A more convenient `#[target_feature]` replacement

Overview

A more convenient #[target_feature] replacement

To get good performance out of SIMD everything on the SIMD codepath must be inlined. With how SIMD is currently implemented in Rust one of two things have to be true for a function using SIMD to be inlinable: (and this includes the SIMD intrinsics themselves)

a) The whole program has to be compiled with the relevant -C target-cpu or -C target-feature flags.

b) SIMD support must be automatically detected at runtime, and every function on the SIMD codepath must be marked with #[target_feature].

Both have their downsides. Setting the target-cpu or target-features makes the resulting binary incompatible with older CPUs, while using #[target_feature] is incredibly inconvenient.

This crate is meant to make #[target_feature] less painful to use.

Problems with #[target_feature]

When we're not compiling with the relevant target-cpu/target-feature flags everything on the SIMD codepath must be marked with the #[target_feature] attribute.
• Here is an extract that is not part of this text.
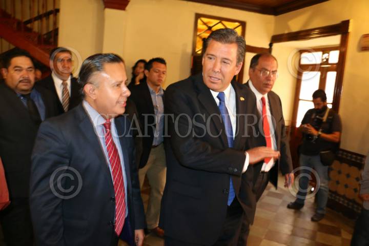 GUANAJUATO, GUANAJUATO, 13JULIO2016.- Miguel Márquez Márquez, gobernador de Guanajuato, acompañado de Saúl Juarez, Subsecretario de Cultura y Edgar Castro, edil de Guanajuato a su llegada al Teatro Juarez donde se presentó el XLIV edición del Festival Internacional Cervantino. FOTO: SAÚL LÓPEZ /CUARTOSCURO.COM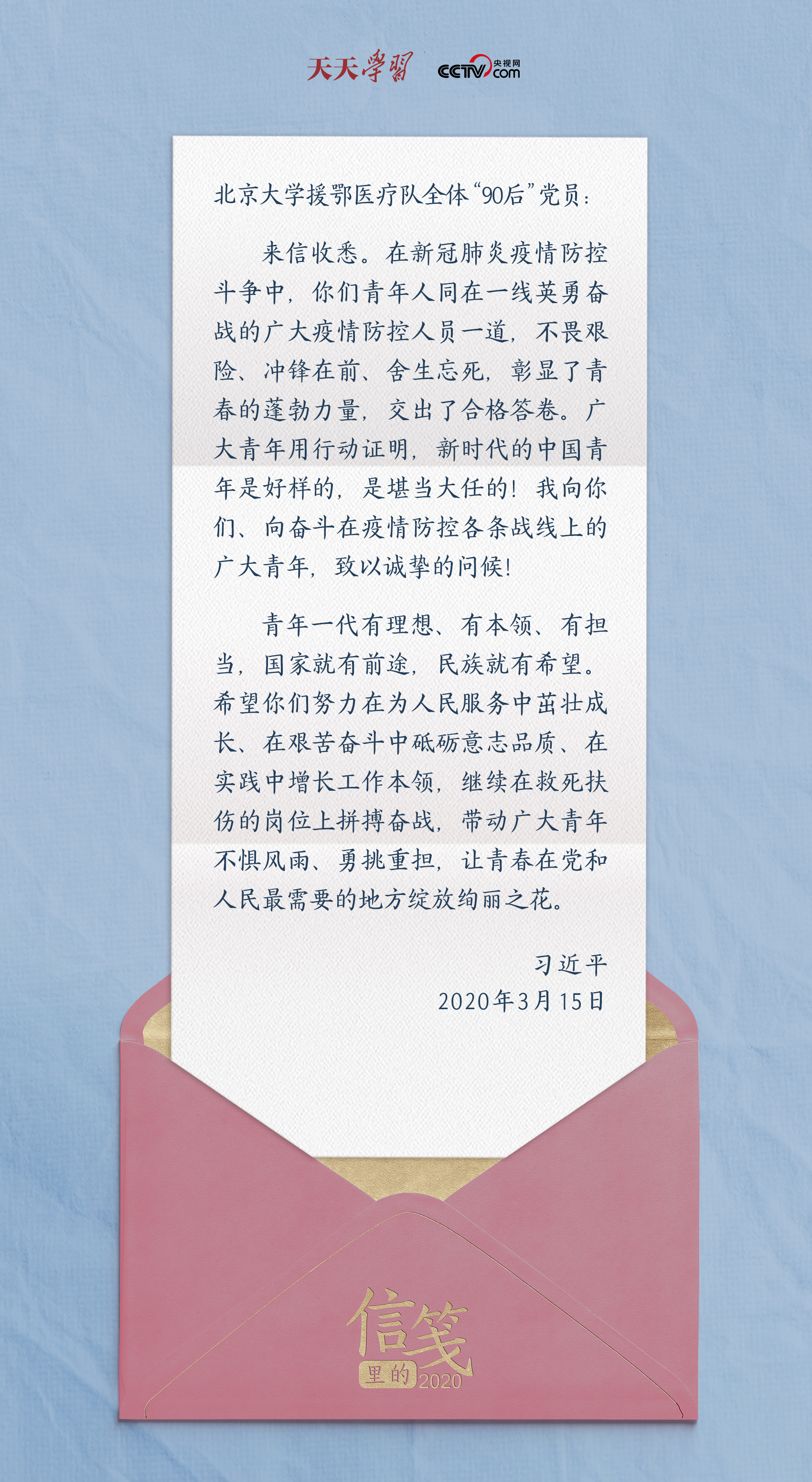 2020年3月15日,北京大學援鄂醫(yī)療隊全體“90后”黨員收到了總書記的回信?;匦胖校倳浢銊钏麄冏屒啻涸邳h和人民最需要的地方綻放絢麗之花。

This is not a problem when all of your SIMD code is neatly encapsulated inside of a single function, but once you start to build out more elaborate abstractions it starts to become painful to use.

  • It can only be used on unsafe functions, so everything on your SIMD codepath now has to be unsafe.

    In theory this is nice - these functions require the relevant SIMD instructions to be present at runtime, so calling them without checking is obviously unsafe! But in practice this is rarely what you want. When you build an abstraction over SIMD code you usually want to assume that internally within your module all of the necessary SIMD instructions are available, and you only want to check this at the boundaries when you're first entering your module. You do not want to infect everything inside of the module with unsafe since you've already checked this invariant at the module's API boundary.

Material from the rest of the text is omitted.